PROVIDED MATERIAL
****

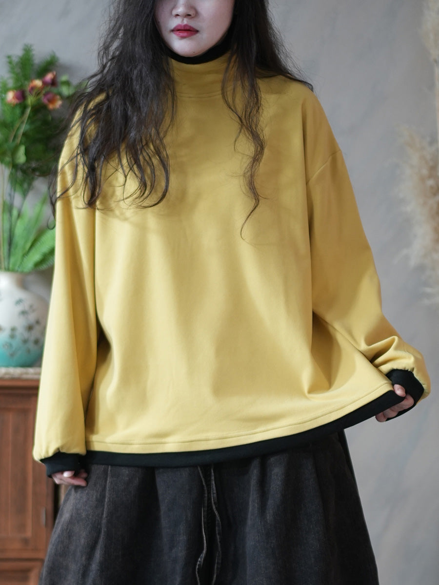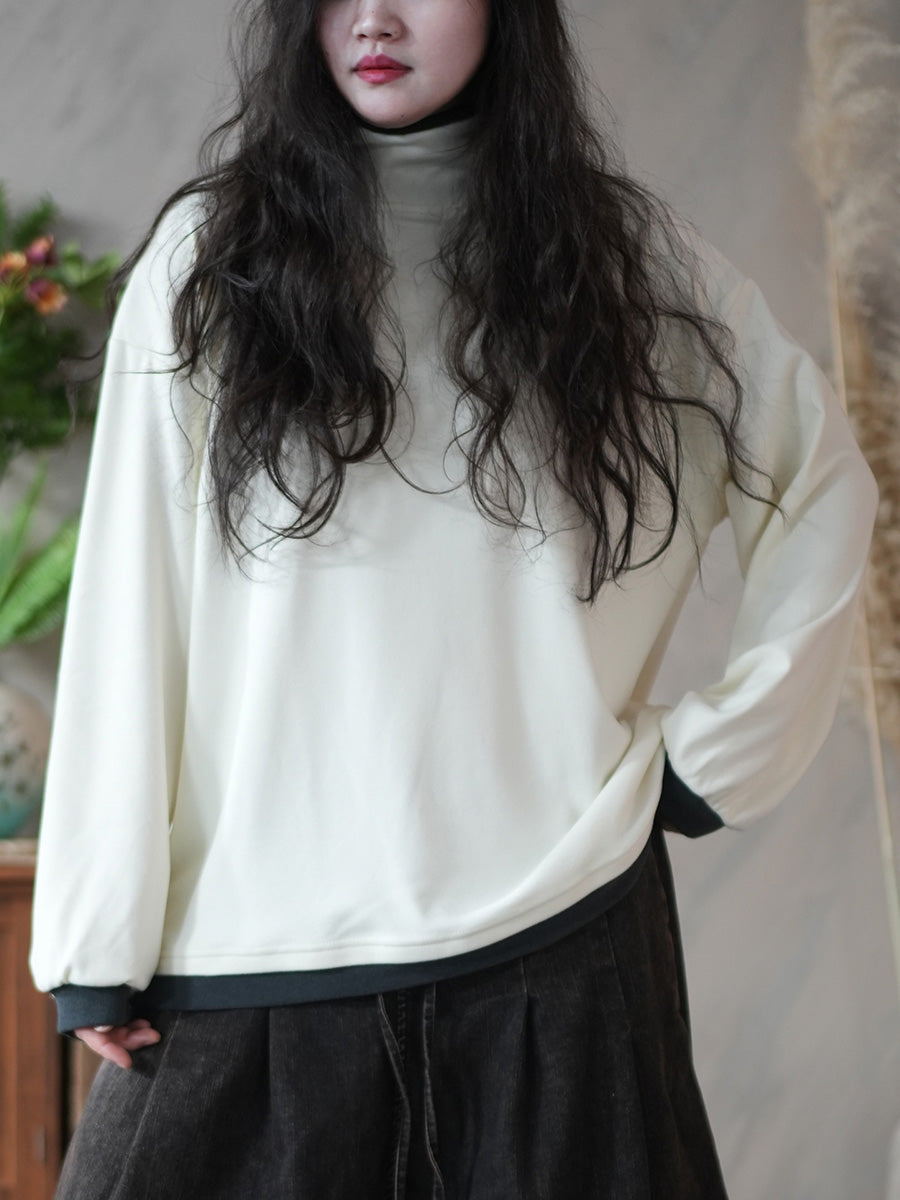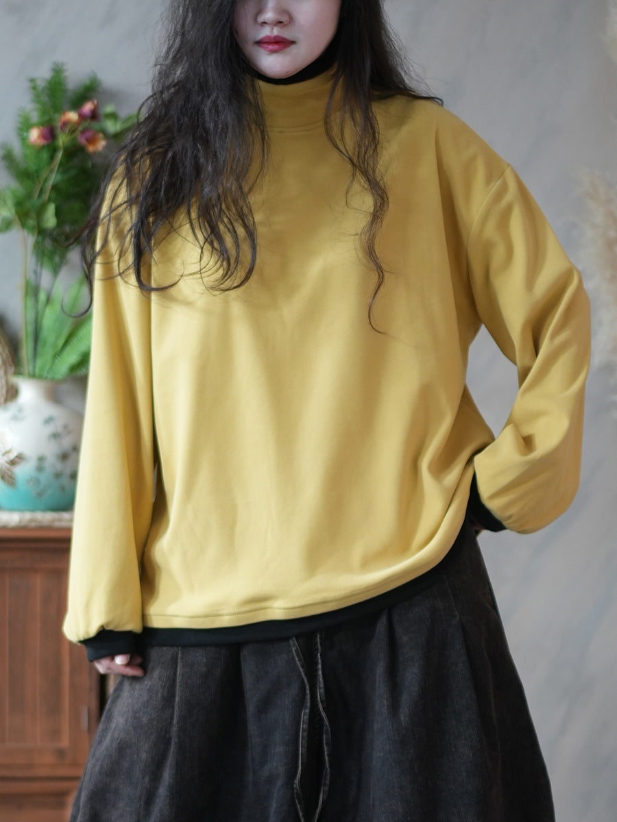 Women Casual Winter Colorblock Turtleneck Blouse
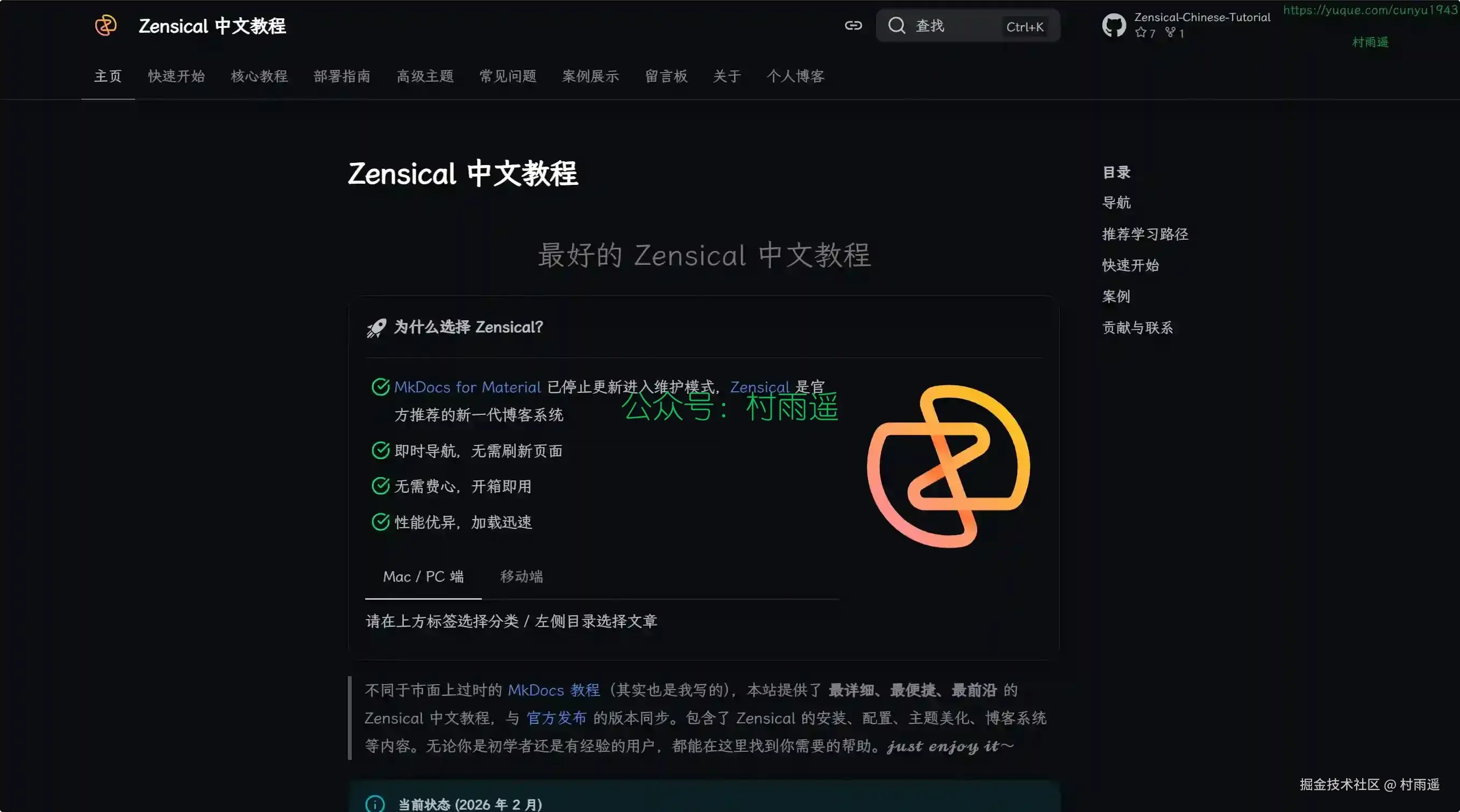 最详细、最便捷、最前沿的 Zensical 中文教程。
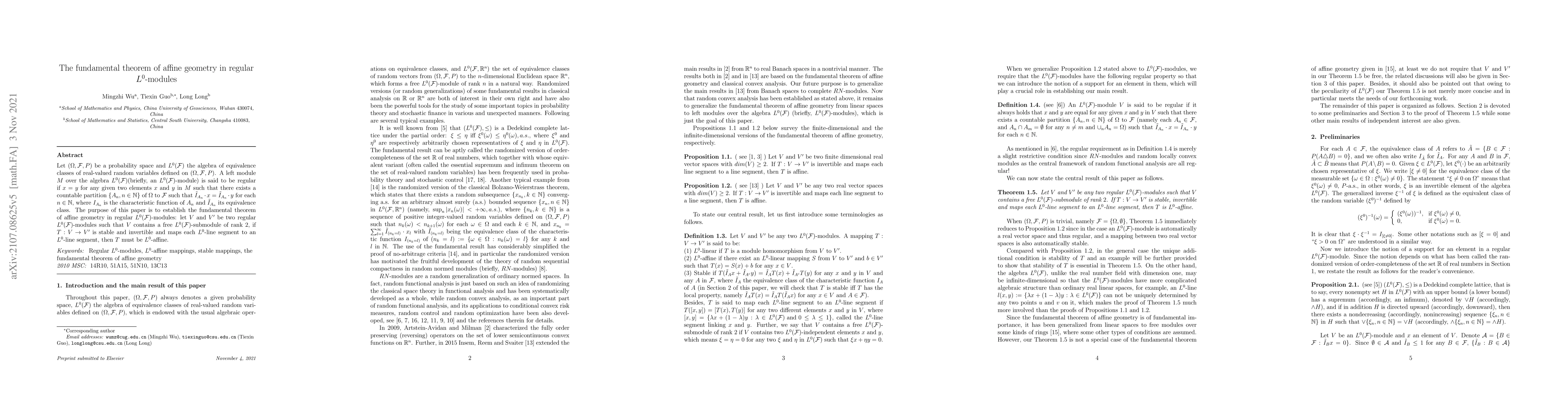 This paper establishes the fundamental theorem of affine geometry in regular $L^0({/mathcal F})$-modules, showing that a stable and invertible map between two modules containing a free submodule of rank 2 must be $L^0$-affine.
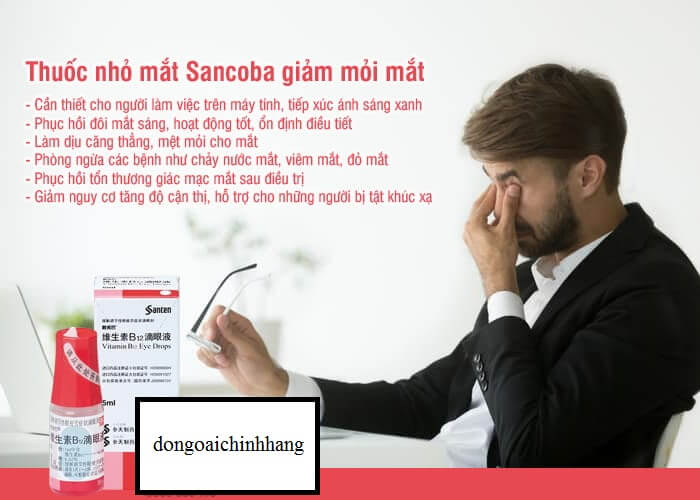 Sancoba Santen 5ml là thuốc nhỏ mắt từ Nhật Bản chứa vitamin B12 hỗ trợ chăm sóc và bổ sung dưỡng chất cho mắt. Sancoba eye drops 5ml được nhiều người lựa chọn khi mắt mệt mỏi do học tập hoặc làm việc với màn hình. Sancoba santen chính hãng dạng nhỏ tiện sử dụng hằng ngày.

****

The material must be returned exactly, with its pictures omitted.

EXERCISE RESPONSE
 Women Casual Winter Colorblock Turtleneck Blouse
 最详细、最便捷、最前沿的 Zensical 中文教程。
 This paper establishes the fundamental theorem of affine geometry in regular $L^0({/mathcal F})$-modules, showing that a stable and invertible map between two modules containing a free submodule of rank 2 must be $L^0$-affine.
 Sancoba Santen 5ml là thuốc nhỏ mắt từ Nhật Bản chứa vitamin B12 hỗ trợ chăm sóc và bổ sung dưỡng chất cho mắt. Sancoba eye drops 5ml được nhiều người lựa chọn khi mắt mệt mỏi do học tập hoặc làm việc với màn hình. Sancoba santen chính hãng dạng nhỏ tiện sử dụng hằng ngày.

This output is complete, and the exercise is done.